[Recorded data]:
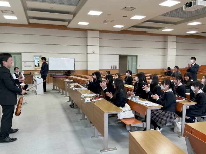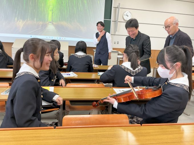 はじめに、大学での活動や研究の特徴、高校での学習との違い、入試制度について詳しい説明を受けました。その後、保健福祉学部での学びについて紹介していただき、大学生の方に直接質問する時間も設けていただきました。また、バイオリンを弾く体験など、大学ならではの多様な活動を体験することができました。
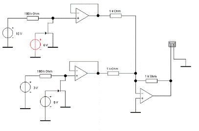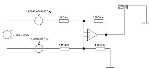 резистором. Провести исследование этой схемы, изменяя величины входных сигналов
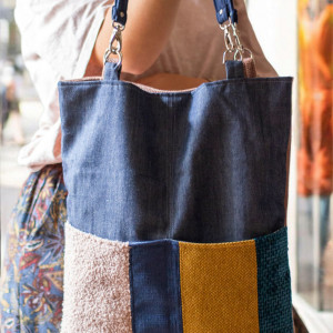 Z przodu dwie kieszenie w stylu patchwork. Całość zapinana na zapięcie magnetyczne.
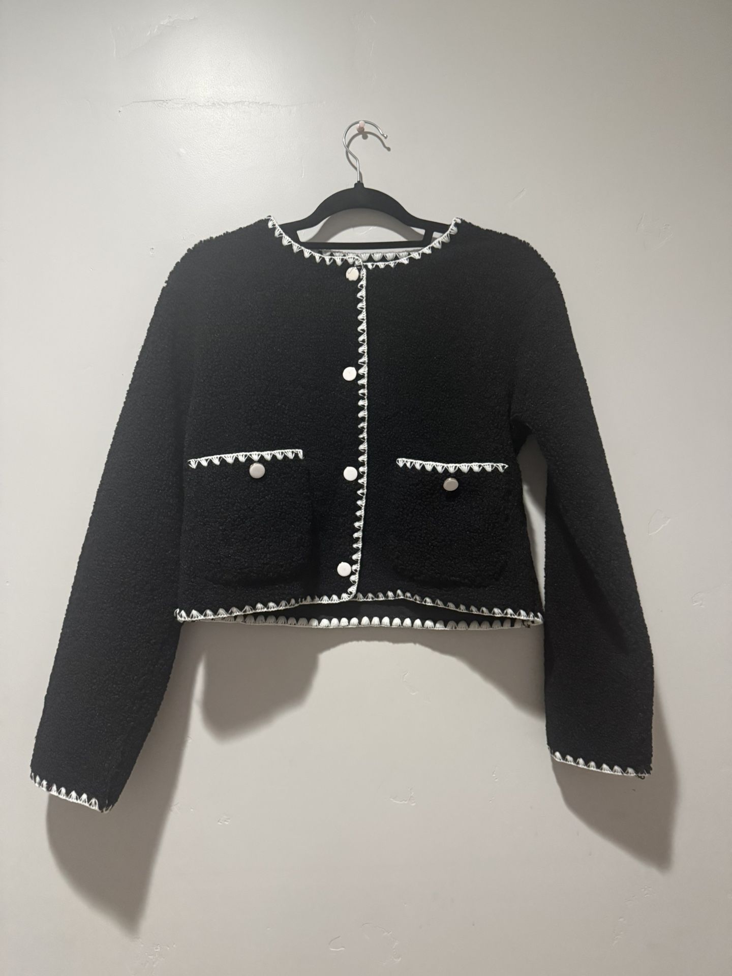 Chic black jacket with elegant white contrast trim throughout. Features a textured fabric, round neckline, long sleeves, and decorative white buttons down the front and pockets. Perfect for dressing up casual outfits or layering over dresses. Timeless, stylish, and versatile.

[Required action]: Output the material word for word, and keep the pictures out.

[Written answer]:
 はじめに、大学での活動や研究の特徴、高校での学習との違い、入試制度について詳しい説明を受けました。その後、保健福祉学部での学びについて紹介していただき、大学生の方に直接質問する時間も設けていただきました。また、バイオリンを弾く体験など、大学ならではの多様な活動を体験することができました。
 резистором. Провести исследование этой схемы, изменяя величины входных сигналов
 Z przodu dwie kieszenie w stylu patchwork. Całość zapinana na zapięcie magnetyczne.
 Chic black jacket with elegant white contrast trim throughout. Features a textured fabric, round neckline, long sleeves, and decorative white buttons down the front and pockets. Perfect for dressing up casual outfits or layering over dresses. Timeless, stylish, and versatile.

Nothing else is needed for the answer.